[<prev] [next>] [<thread-prev] [day] [month] [year] [list]
Message-ID: <c2371e58-d09d-4e34-8a4f-840ba15a7d22@suswa.mountain>
Date: Wed, 2 Jul 2025 17:04:57 +0300
From: Dan Carpenter <dan.carpenter@...aro.org>
To: Naresh Kamboju <naresh.kamboju@...aro.org>
Cc: open list <linux-kernel@...r.kernel.org>,
Linux Regressions <regressions@...ts.linux.dev>,
lkft-triage@...ts.linaro.org, linux-mm <linux-mm@...ck.org>,
Andrew Morton <akpm@...ux-foundation.org>,
Mike Rapoport <rppt@...nel.org>,
Peter Zijlstra <peterz@...radead.org>,
Dave Hansen <dave.hansen@...ux.intel.com>,
Andy Lutomirski <luto@...nel.org>, Arnd Bergmann <arnd@...db.de>,
Anders Roxell <anders.roxell@...aro.org>,
Rik van Riel <riel@...riel.com>
Subject: Re: next-20250701: qemu-x86_64: BUG unable to handle page fault for
address __cpa_flush_tlb
Rik, you probably saw this already but I see you were going to remove
the __cpa_flush_tlb() function so let me add you to the CC list
explicitly.
regards,
dan carpenter
On Wed, Jul 02, 2025 at 11:41:51AM +0530, Naresh Kamboju wrote:
> Regressions While booting the next-20250701 Linux kernel on a
> qemu-x86_64 virtual machine, a kernel panic is observed due to
> a page fault in the __cpa_flush_tlb function.
>
> Test environments:
> - qemu-x86_64
>
> Regression Analysis:
> - New regression? Yes
> - Reproducibility? I need more data (Testing is in progress)
>
> Boot regression: Linux next-20250701 qemu-x86_64 BUG unable to handle
> page fault for address __cpa_flush_tlb
>
> Reported-by: Linux Kernel Functional Testing <lkft@...aro.org>
>
> ## Boot log
> <6>[ 0.000000] Linux version 6.16.0-rc4-next-20250701
> (tuxmake@...make) (x86_64-linux-gnu-gcc (Debian 13.3.0-16) 13.3.0, GNU
> ld (GNU Binutils for Debian) 2.44) #1 SMP PREEMPT_DYNAMIC @1751364982
> <6>[ 0.000000] Command line: console=ttyS0,115200 rootwait
> root=/dev/sda debug verbose console_msg_format=syslog
> systemd.log_level=warning rw earlycon
> <6>[ 0.000000] x86/CPU: Model not found in latest microcode list
> <6>[ 0.000000] BIOS-provided physical RAM map:
>
> ...
>
> <6>[ 2.292682] EXT4-fs (sda): mounted filesystem
> 9c9bd7ea-a7a4-4c7c-bc54-7007f029c954 r/w with ordered data mode.

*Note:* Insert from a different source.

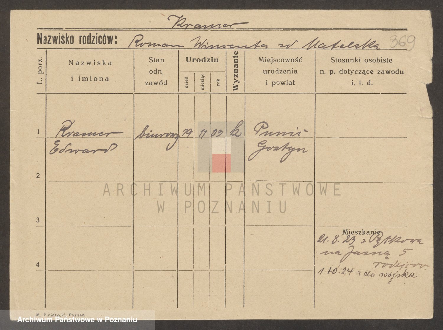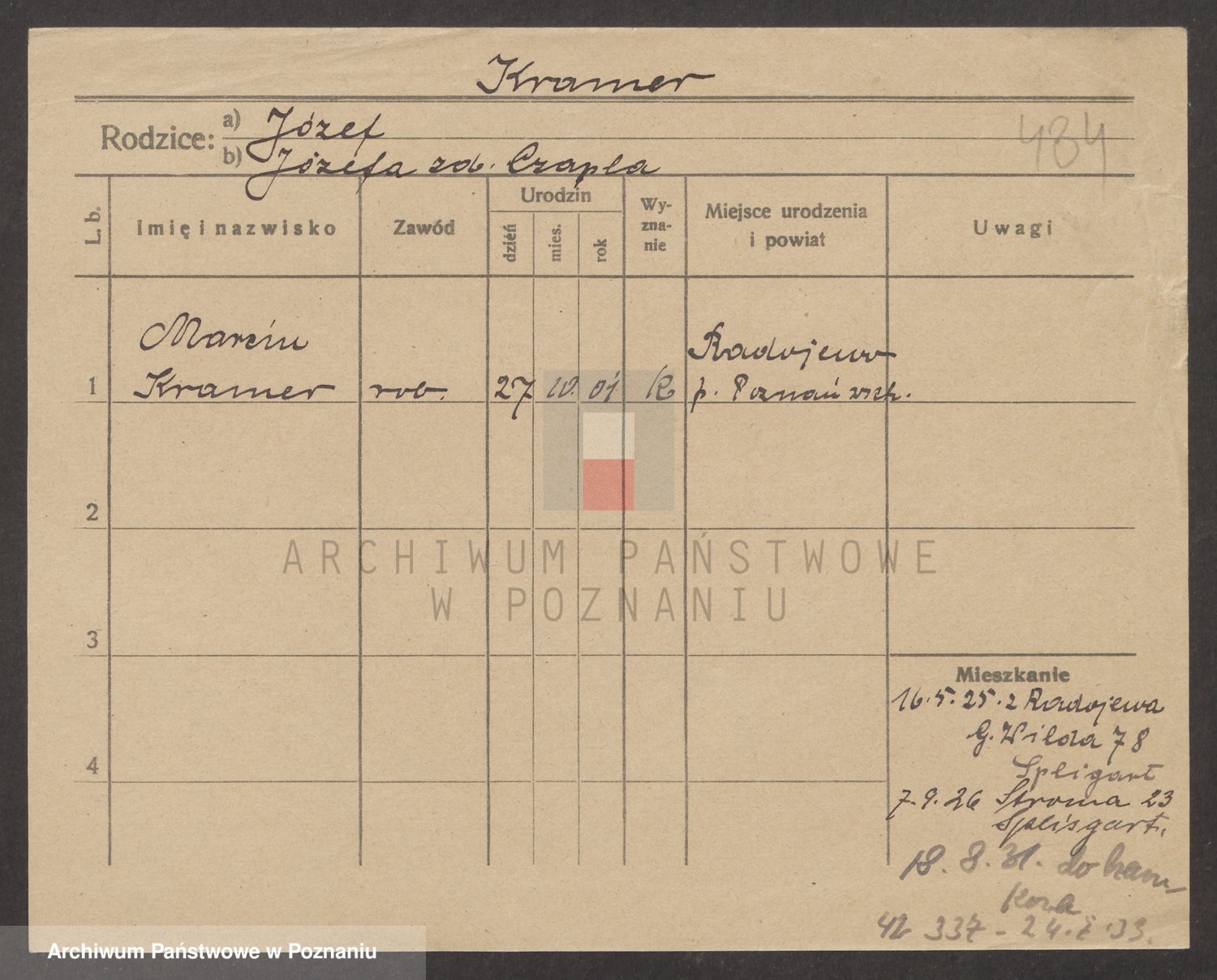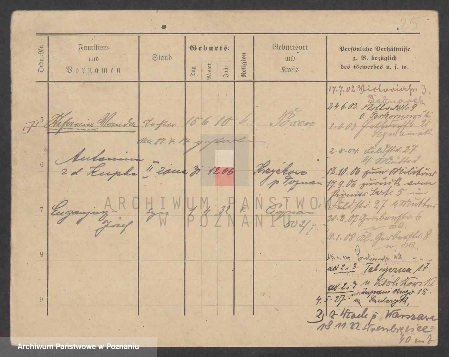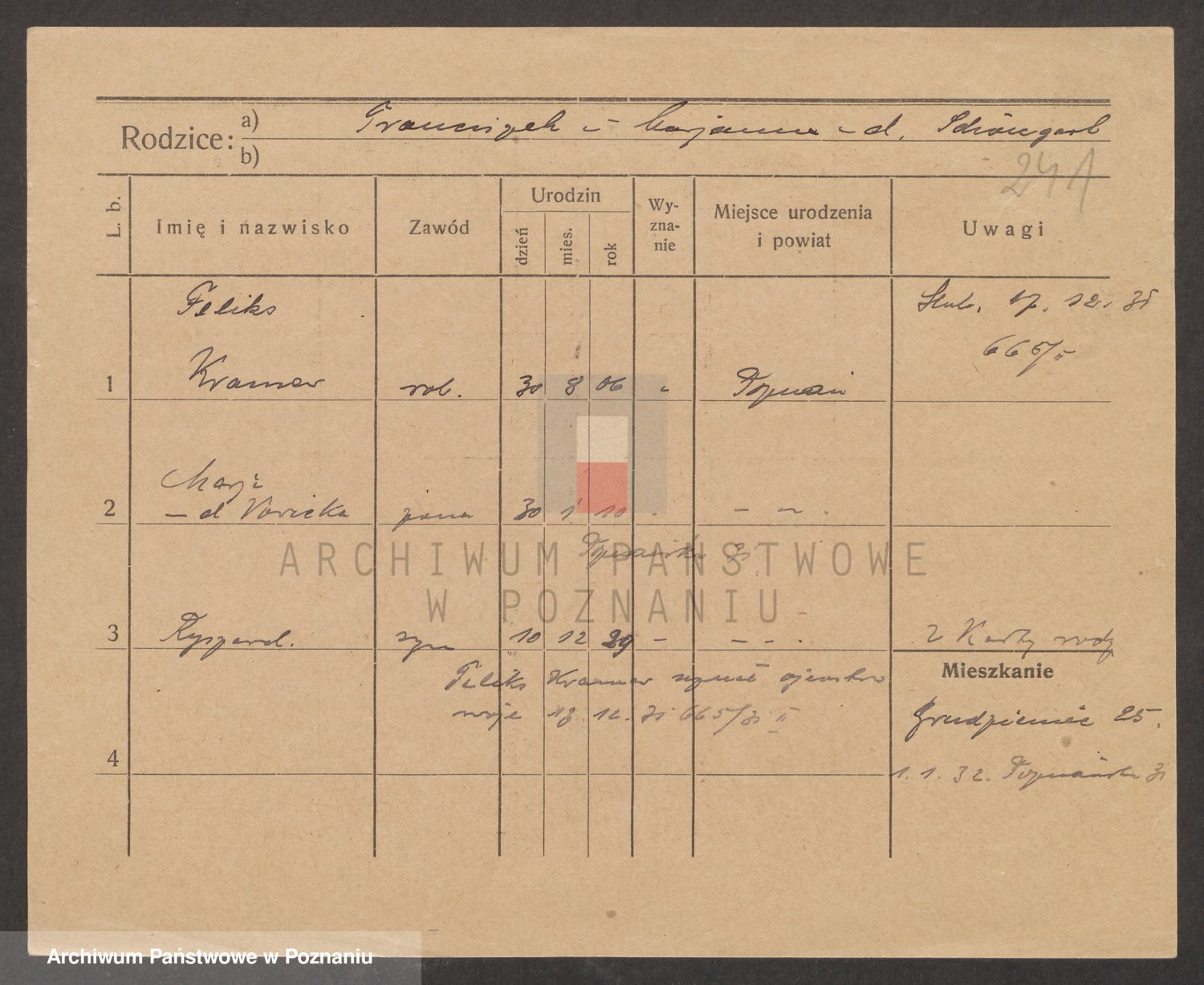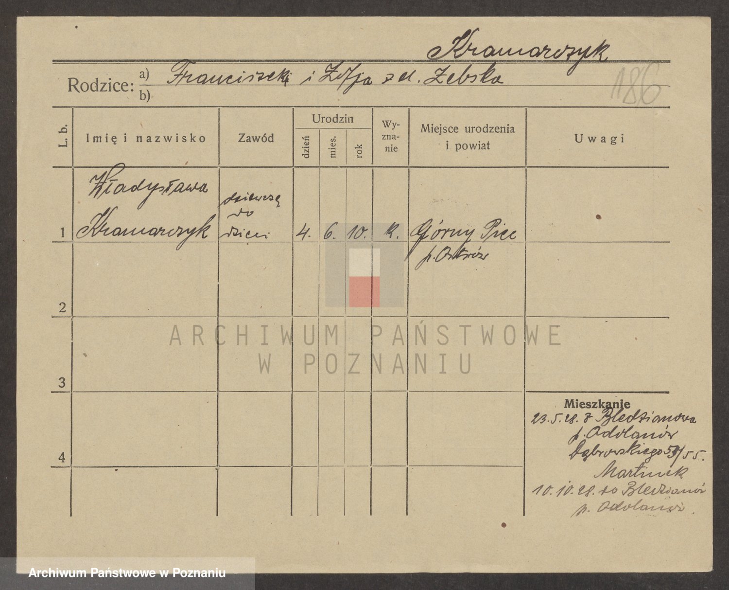 Podgląd karty osobowej dostępny jest po kliknięciu na nazwisko lub ikonkę karty. Można dokonywać powiększenia (ikony na górze) lub przechodzić między kolejnymi skanami (strzałki po bokach).

Quota
> mode: none.
> <6>[ 2.294012] VFS: Mounted root (ext4 filesystem) on device 8:0.
> <6>[ 2.296792] devtmpfs: mounted
> <6>[ 2.387406] Freeing unused kernel image (initmem) memory: 4092K
> <6>[ 2.389312] Write protecting the kernel read-only data: 32768k
> <6>[ 2.391640] Freeing unused kernel image (text/rodata gap) memory: 28K
> <1>[ 2.393647] BUG: unable to handle page fault for address: 000000000002aa97
> <1>[ 2.394089] #PF: supervisor read access in kernel mode
> <1>[ 2.395026] #PF: error_code(0x0000) - not-present page
> <6>[ 2.395623] PGD 0 P4D 0
> <4>[ 2.396063] Oops: Oops: 0000 [#1] SMP PTI
> <4>[ 2.396998] CPU: 1 UID: 0 PID: 0 Comm: swapper/1 Not tainted
> 6.16.0-rc4-next-20250701 #1 PREEMPT(voluntary)
> <4>[ 2.397726] Hardware name: QEMU Standard PC (Q35 + ICH9, 2009),
> BIOS 1.16.3-debian-1.16.3-2 04/01/2014
> <4>[ 2.398454] RIP: 0010:__cpa_flush_tlb
> (arch/x86/mm/pat/set_memory.c:320 arch/x86/mm/pat/set_memory.c:408)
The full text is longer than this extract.